Das E-Visum ist der ruhigere Weg: es liegt vor der Abreise vor, und die Ankunft besteht nur noch aus der Grenzkontrolle. Der Stempel am Flughafen ist der eingespielte Weg vieler Pauschalreisen, hängt aber vom Schalter, von der Warteschlange und davon ab, dass die Bezahlung vor Ort funktioniert. Wer allein reist oder spät ankommt, fährt mit dem E-Visum besser. -
Wo beantrage ich das E-Visum?
Auf dem amtlichen Portal mit der Endung `.gov.eg`, und nirgendwo sonst. Um dieses Verfahren herum gibt es besonders viele Seiten, die wie ein Portal aussehen und einen Aufschlag verlangen. Das Formular ist dasselbe, die Genehmigung ist dieselbe, der Preis nicht. -
Was ist die Sonderregel für den Sinai?
Für einen Aufenthalt, der auf die Badeorte am Südsinai beschränkt bleibt, besteht eine erleichterte Einreise ohne reguläres Visum, mit einer begrenzten Dauer. Sie endet, sobald die Reise diesen Bereich verlässt, und dazu zählt ein Ausflug zu den Pyramiden oder nach Luxor. Wer das plant, nimmt das reguläre Visum. -
Wie lange muss der Reisepass gültig sein?
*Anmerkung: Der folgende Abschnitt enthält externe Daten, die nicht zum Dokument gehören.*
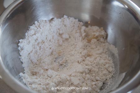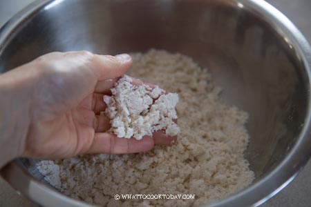 Combine with your hand to form a dough. If it’s a bit too dry, add a bit more milk. You should be able to form a rough dough. Cover and let it rests for 15 minutes or up to 1 hour (I only do 15 minutes)

Über das Ende des Aufenthalts hinaus, und die geforderte Restgültigkeit ist länger, als viele erwarten. Sie steht in den Reise- und Sicherheitshinweisen des Auswärtigen Amts, die für dieses Land regelmäßig aktualisiert werden: dort nachsehen, bevor der Flug gebucht ist. -
Brauche ich für das Visum eine Versicherung?
Für die Erteilung nicht. Der Antrag fragt keine Police ab. Sie brauchen sie aus einem anderen Grund: die medizinische Versorgung ist in den Reisegebieten unterschiedlich, ein ernster Fall führt oft zu einer Verlegung, und der Rücktransport nach Deutschland ist die Position, die allein am schwersten zu tragen ist.